Когда они добрались до дома леди Клэрис, там уже были Рейф, Аннабел и Джози. Лусиус послал к Рейфу грума, чтобы тот сообщил леди Клэрис о случившемся. Тесс ожидала истерики, слез, криков… Но ничего подобного не было. Леди Клэрис, неподвижная, словно статуя, сидела в гостиной. Лицо у нее было белое, как бумага. В руке она держала носовой платок, но не пользовалась им. Они с Имоджин сидели рядом, но если Имоджин громко рыдала, леди Клэрис лишь похлопывала ее по руке и продолжала смотреть отсутствующим взглядом в пространство.

Тесс сидела рядом с Лусиусом, чувствуя, что надо бы что-то сделать, но не знала, что именно. Рейф бродил вокруг, то и дело наливая понемногу бренди в любую оставленную без присмотра пустую чайную чашку. Все они почти не разговаривали. За столом во время ужина никто не ел, потом все стали расходиться. Имоджин не смогла вернуться в комнаты, которые делила с Дрейвеном, поэтому Аннабел взяла ее к себе. Тесс проснулась ночью, всхлипывая, потому что прощание Имоджин с Дрейвеном каким-то странным образом переплелось в ее мозгу с ее прощанием с отцом. Лусиус в темноте поцеловал ее в мокрую щеку и прижал к себе.

Утром, когда Тесс вошла в малую гостиную, Имоджин сидела рядом с Аннабел, которая, наклонившись к Имоджин, что-то ей говорила. Тесс пересекла комнату и уселась по другую сторону от Имоджин, обняв ее рукой за плечи.

— Как ты, дорогая? — спросила она.

Имоджин, не взглянув на нее, повела плечами, стряхнув с них руку Тесс.

— Со мной все в порядке, — ответила она.

— Я уговаривала Имоджин поесть, — сообщила Аннабел.

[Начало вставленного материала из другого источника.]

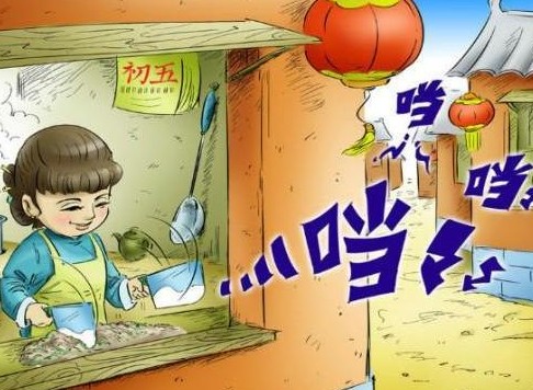正月初五俗称破五,要“赶五穷”,包括“智穷、学穷、文穷、命穷、交穷”。人们黎明即起,放鞭炮,打扫卫生。鞭炮从里往外放,边放边往门外走。说是将一切不吉利的东西都轰将出去。这天,民间通行的食俗是吃饺子,俗称“捏小人嘴” 。
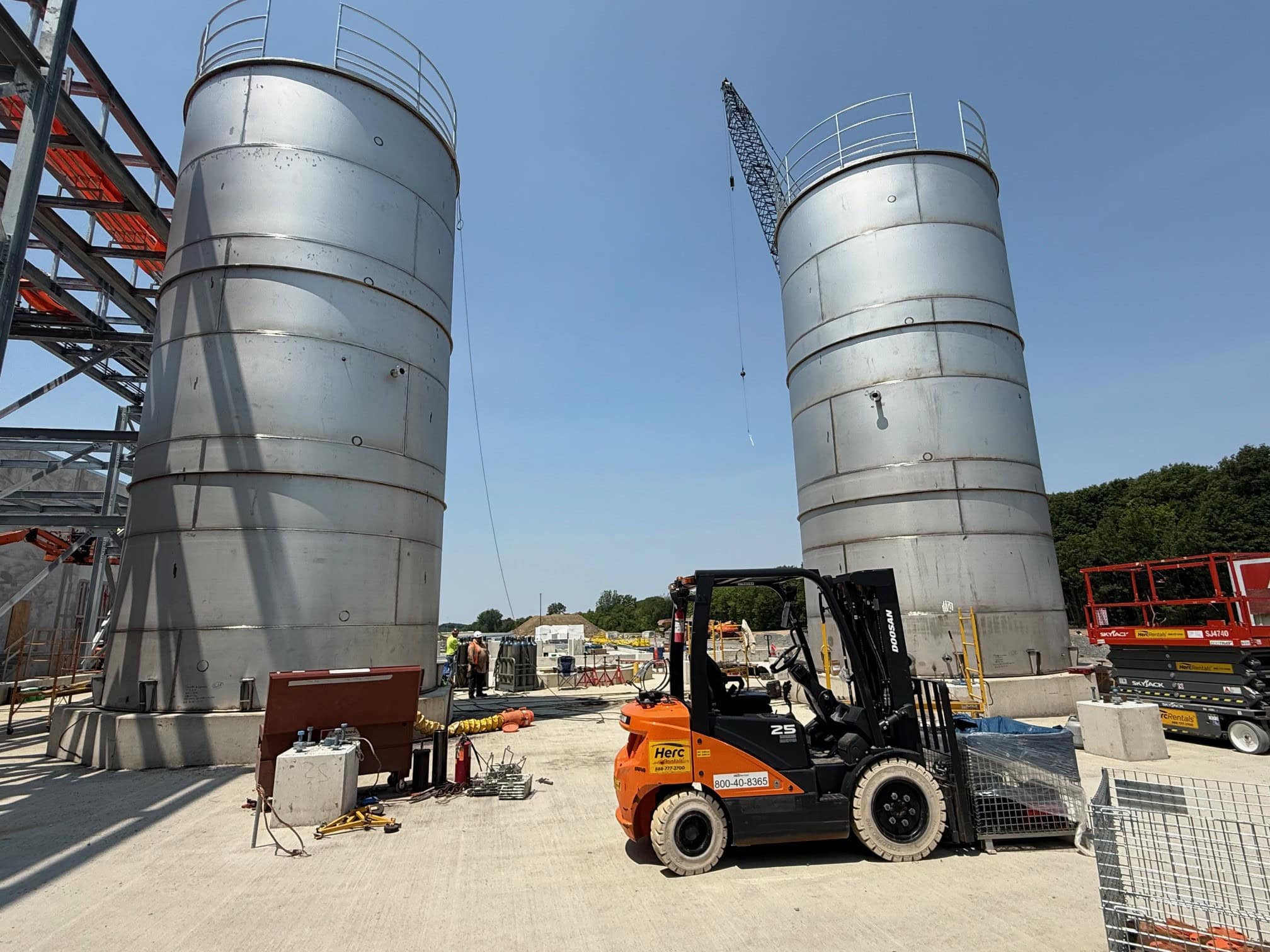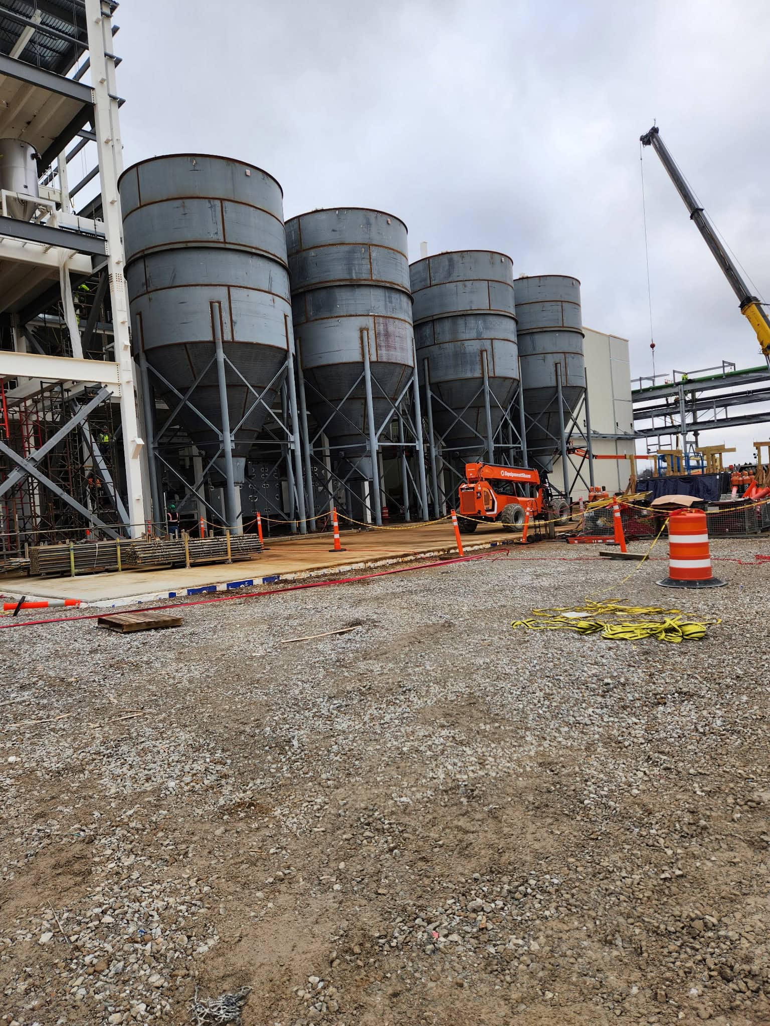 Our company erected four of these large elevated storage bins as part of the $530 million expansion at the Bunge North America facility in central Indiana.
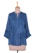 Traditional Embroidered Viscose Tunic in Azure Blue Hues, 'Enchanted Garden in Azure'

— Не сейчас, — сказала Имоджин.

Тесс чуть помедлила. Что-то здесь было не так… Имоджин прижималась к Аннабел, как будто хотела отстраниться от Тесс. Ей казалось, что Имоджин должна бы была искать утешения в ее объятиях. Аннабел, конечно, тоже умела успокоить, но после смерти матери именно она, Тесс, всегда…

В комнату вошел Лусиус, и она вздохнула с облегчением, но, вновь повернувшись к Имоджин, заметила в ее глазах что-то похожее на боль.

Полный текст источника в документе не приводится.